- Born: Annet Namata
- Other names: Nalongo Nana
- Citizenship: Uganda
- Employer: Front Line Defenders Uganda
- Known for: Human rights activism

= Nalongo Nana Mwafrika =

Ugandan Human rights activist

Annet Namata also known as Nana Mwafrika Mbarikiwa, Nalongo Nana, Nana MwaAfrika, Annette Nana Namata, Nana Mwafrika Mbarikiwa (born 1977) is a Ugandan executive director and a human rights activist within the political and women rights space. She is the executive director of Front Line Defenders Uganda.

== Activism ==
Nana Mwafrika's activism journey begun at the age of 15 years when she stood up to defend a young school girl who had less funds for her transportation fee to Masaka.

On 7 September 2018, Nana Mwafrika stormed the tax policy Uganda meeting hosted by ACODE at Protea Hotel in Kampala demanding for fairness to tax payers than sitting in fancy hotels and spending tax payers money. Namata's story was featured on BBC.

On 24 April 2019, Nana was assaulted by a female police officer stuck her hand into her birth canal at the Uganda Police Head quarters in Nagulu while she went to demonstrate against police dispersing of the FDC rallies, deployment of police officers at Bobi Wine's home in Kyadondo in March and the killing of Ssebulime. After the police assault, she was taken to Iran-Uganda hospital (a hospital run by the Uganda police) for medical checks for a medical check up.

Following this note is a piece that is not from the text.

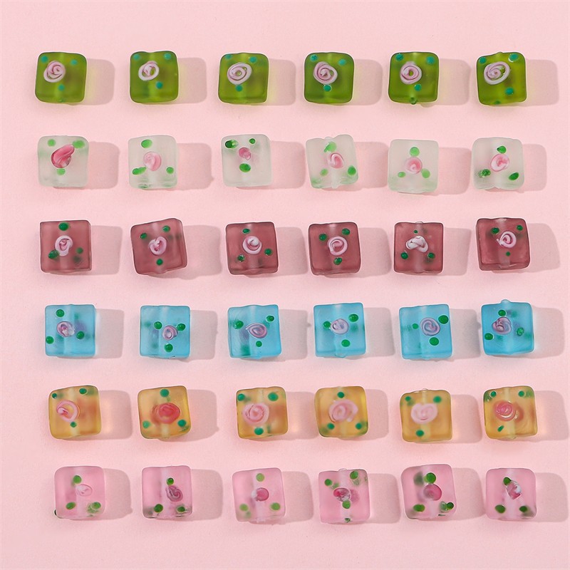 紫のシンプルな手描きの砂の瑠璃の方珠の散珠diyの手作りのブレスレットの耳飾りのアクセサリーの数珠の材料

On the 18 June 2019, the gynaecologist at Kampala Independent Hospital in Ntinda operated her to remove her 6 months baby and put it in the incubator and also they removed the uterus due to hematoma on her Uterus and intense bleeding that was caused by raptured bladder. Nana is a mother to five children.

On 6 January 2022, Nana Mwafrika and other human rights activists were arrested at Uganda Human Rights Commission head office in Nagulu as they had gone to deliver a petition over the detention of kakwenza Rukirabashaija. The activists under their coalition “Friends of Kakwenza” called upon the Uganda Human Rights Commission (UHRC) chairperson Margaret Wangadya to resign and also release kakwenza Rukirabashaija among other requests.

On 25 July 2024, Nana Mwafrika was among the protesters that were arrested in the match to parliament during the anti corruption protests in Uganda and she was remanded to Luzira prison at the Buganda Road Court. The protestors demanded that Anita Among to resign together with Uganda parliamentary commissioners and legislators who were involved in corruption scandals.